***** Data *****

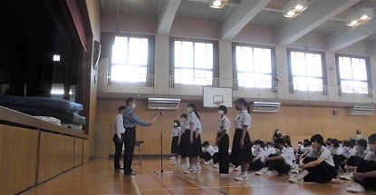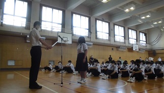 たくさんの表彰がありました。少年をまもる大会の表彰を南警察署のかたから受けました。そして部活動での活躍の表彰がありました。みなさん、たいへんよくがんばりました。
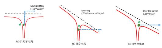 当时,说明激光的电场强度远小于原子的库伦场强,单个光子能量不够大,原子分子中的电子将会吸收足够多的光子进行多光子电离;当γ>>1时,则说明激光的电场强度足够大,能将电子周围的库仑势垒直接压低,此时电子电离主要通过隧穿电离或越垒电离。
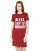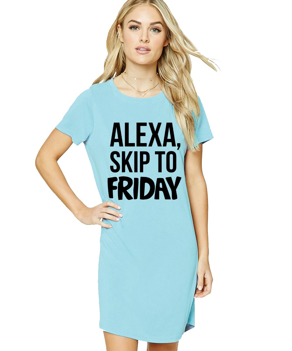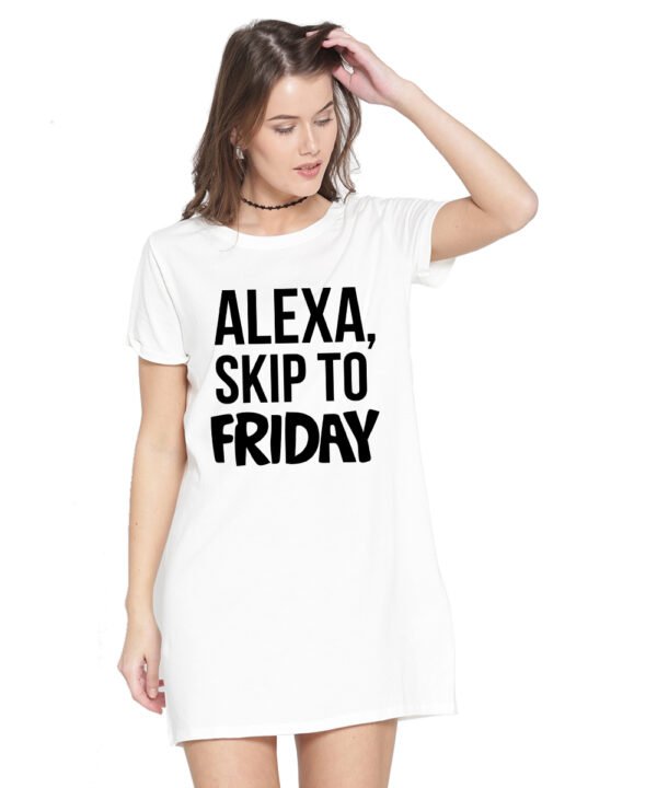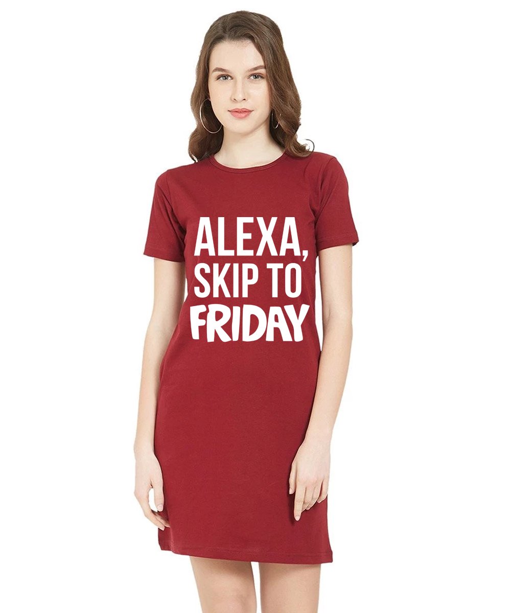 Caseria Women's Cotton Biowash Graphic Printed T-Shirt Dress with side pockets - Alexa Skip Friday
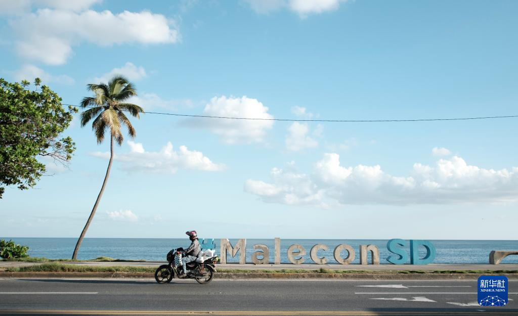 12月2日,在多米尼加圣多明各海邊,市民騎摩托車經(jīng)過海濱大道。
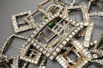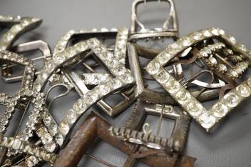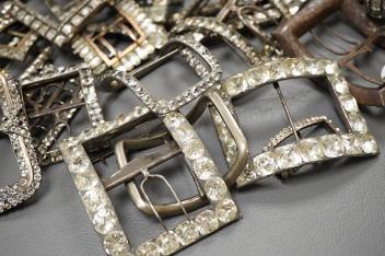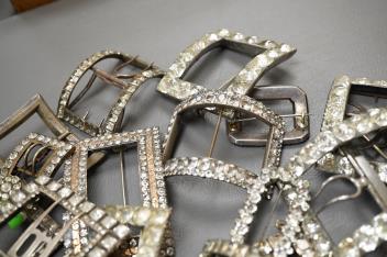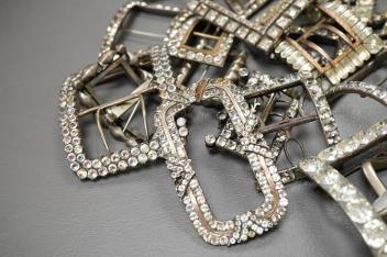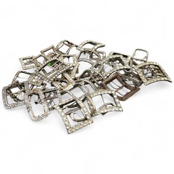 Lot 3027 , A large collection of shoe buckles, 18th-19th century, of rectangular outline, set with pastes, mostly mounted in steel, a minority in silver, some with later brooch fittings

*****

[Prompt] All entries need to be duplicated exactly, apart from the images.

[Your solution]
 たくさんの表彰がありました。少年をまもる大会の表彰を南警察署のかたから受けました。そして部活動での活躍の表彰がありました。みなさん、たいへんよくがんばりました。
 当时,说明激光的电场强度远小于原子的库伦场强,单个光子能量不够大,原子分子中的电子将会吸收足够多的光子进行多光子电离;当γ>>1时,则说明激光的电场强度足够大,能将电子周围的库仑势垒直接压低,此时电子电离主要通过隧穿电离或越垒电离。
 Caseria Women's Cotton Biowash Graphic Printed T-Shirt Dress with side pockets - Alexa Skip Friday
 12月2日,在多米尼加圣多明各海邊,市民騎摩托車經(jīng)過海濱大道。
 Lot 3027 , A large collection of shoe buckles, 18th-19th century, of rectangular outline, set with pastes, mostly mounted in steel, a minority in silver, some with later brooch fittings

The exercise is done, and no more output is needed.